Next, we wanted to go and have a look at what was going on in Zaire, but we didn’t have money to do that.  We had contacted the Department of International Development in Brussels and the Ministry of Foreign Affairs, and they said, “It’s not a priority, we are not here to support research.  This is not our thing.”  

But a couple of weeks later, I was sitting in Paris.  I went with my wife to Paris, to go to a conference on antibiotic resistance.  The head of the department had been invited and didn’t find it interesting enough or whatever, so he sent me.  Suddenly my name appeared on the screen with urgent instructions to call a number in Brussels.  I could see the call number, but I didn’t recognize it.  I called that number, and it was the Ministry of Foreign Affairs, saying, “You must leave today for Kinshasa, for this epidemic.”  I said, “Is tomorrow okay?  I’m in Paris.”  What had happened was  that a team from CDC had just arrived in Zaire, along with somebody from South Africa and somebody from Institut Pasteur in France, on behalf of WHO.  At that point, the Belgians said, “We must be there, too.”  It had become a political issue.  That’s the reason we suddenly found money.
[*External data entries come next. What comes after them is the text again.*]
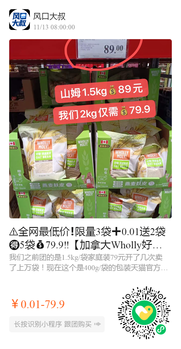 ️全网最低价❗️限量3袋➕0.01送2袋️5袋79.9‼️【加拿大Wholly好哩燕麦麸皮400g】❗️ Ole 山姆有售!帕梅拉同款燕麦麸皮! 越喝越瘦,大餐清肠涮脂,上称直接瘦两斤!
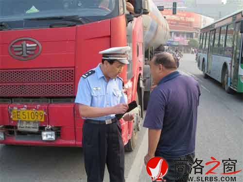 8月3日,商州交警大隊(duì)民警在市區(qū)立交橋處值勤時(shí)對(duì)違法入城的危化品運(yùn)輸車(chē)輛進(jìn)行安全檢查。
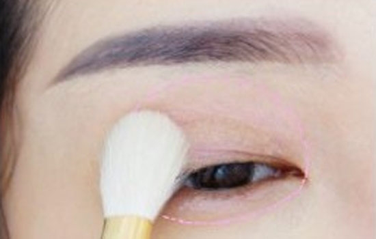 4.貼好雙眼皮后,將粉色眼影刷在整個上眼皮和臥蠶。
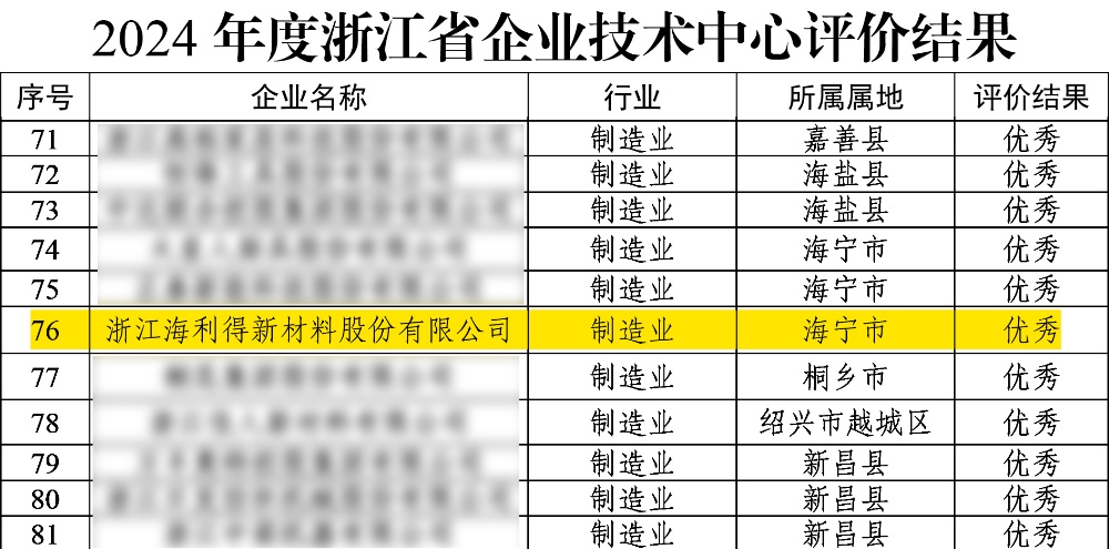近日,浙江省經(jīng)濟(jì)和信息化廳、浙江省財(cái)政廳、國家稅務(wù)總局浙江省稅務(wù)局和中華人民共和國杭州海關(guān)聯(lián)合公布了制造業(yè)領(lǐng)域2024年度浙江省企業(yè)技術(shù)中心評(píng)價(jià)結(jié)果,海利得順利通過復(fù)評(píng),評(píng)級(jí)等級(jí)為優(yōu)秀。

I was asked to go for two weeks, and I stayed about three, four months.  I remember I had only one suit, my wedding suit, because they told me, “You’re going to meet the Minister there, so make sure you are decent,” because I had long hair in those days.  I had a passport, but it was not valid anymore, and I had taken out the picture for some membership thing somewhere, so I arrived at the airport and somebody gave me a ticket, and I said, “My passport has expired.”  They said, “Don’t worry.”  So I went to Immigration and I showed  my passport, and they say, “What is this?  You don’t carry a picture?  Your passport is expired.”  I said, “I have to go to Zaire.  I have to go there.  There’s an epidemic.”  “Yeah, yeah, yeah.  Okay.”  So I was put aside immediately, but then somebody from Foreign Affairs showed a card and I got through. 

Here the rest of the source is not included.